Wednesday, March 20, 2013

I'm a hopeless romantic

One of my favorite things in the world is a real kiss.

You know the kind I'm talking about? The kind where the giver means it, wants nothing in return, and leaves you feeling truly loved.

When my sister and I discovered what the PIP button was for on the remote control, we capitalized on its value. "PIP" means, "picture in picture". The viewer simply pushes PIP, and a freeze frame is made and remains in the corner of the television, no matter what is playing on the rest of the screen.

We wasted no time. We put in our favorite movie ("The Princess Bride"), fast-forwarded to the good kiss (Buttercup and Wesley at sunset), and pressed that PIP button as hard as we could. It worked! There was the perfect kiss, frozen and immortalized forever, or until an unfeeling brother came and heartlessly deleted it.

We perfected the craft when we discovered that we could actually move that freeze frame around on the screen. After capturing the prince's kiss to his loving princess, we moved that frame where it belonged: smack dab in the middle of the screen. Who cared about the show that was playing in the now-background? We certainly didn't. And we ignored the disgusted comments from our cold-hearted, disgusted brothers.

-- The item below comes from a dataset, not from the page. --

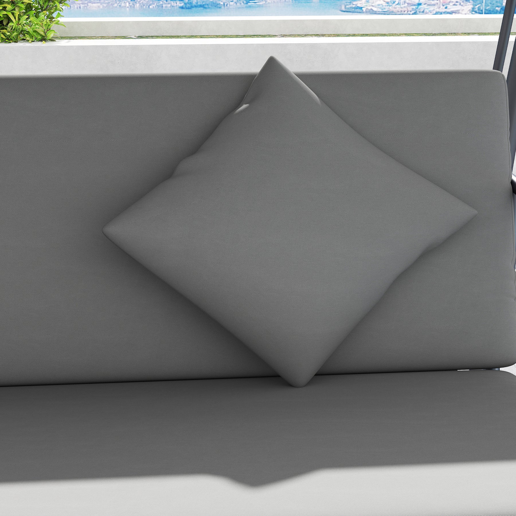 Make the most of the sunny days with this 2-in-1 convertible outdoor swing chair from . Big enough to fit three people, 3 seater garden swing easily converts into a bed with an adjustable backrest to suit you and a canopy to protect you from hot sun. Garden swings for adults sit on a steel frame for stability and reliability. With two pillows supplied to provide even more comfort, there's no better way to enjoy to sit down and relax as the sun shines on a hot summers day.

They just didn't understand what Victor Hugo knew, "A kiss and all was said."

But we knew.

I guess this is an inherited trait because my daughter was watching The Sound of Music on my iPad the other day, and I later found the photo library filled with pictures of Maria and Captain von Trapp in the gazebo, singing to each other. I couldn't get after her, because that would be hypocritical, but I told my husband. He gave himself a loud, smacking face-palm.

I have this other daughter who has just turned two. She gives more kisses than anybody in the world. Her dad made her that way. When she was being weaned, her daddy would hold her until she would go to sleep, kissing her tears away, kissing her closed eyes, kissing her sweet cheeks. Now she passes out kisses like they're going out of style.

They're not.

At least not at my house.

At some point every day, and usually more than once, she puckers up those big lips and smooches whatever part of me is closest to her. Usually, this is my knee caps. When I'm lucky enough to be holding her, then I get kissed all over the face.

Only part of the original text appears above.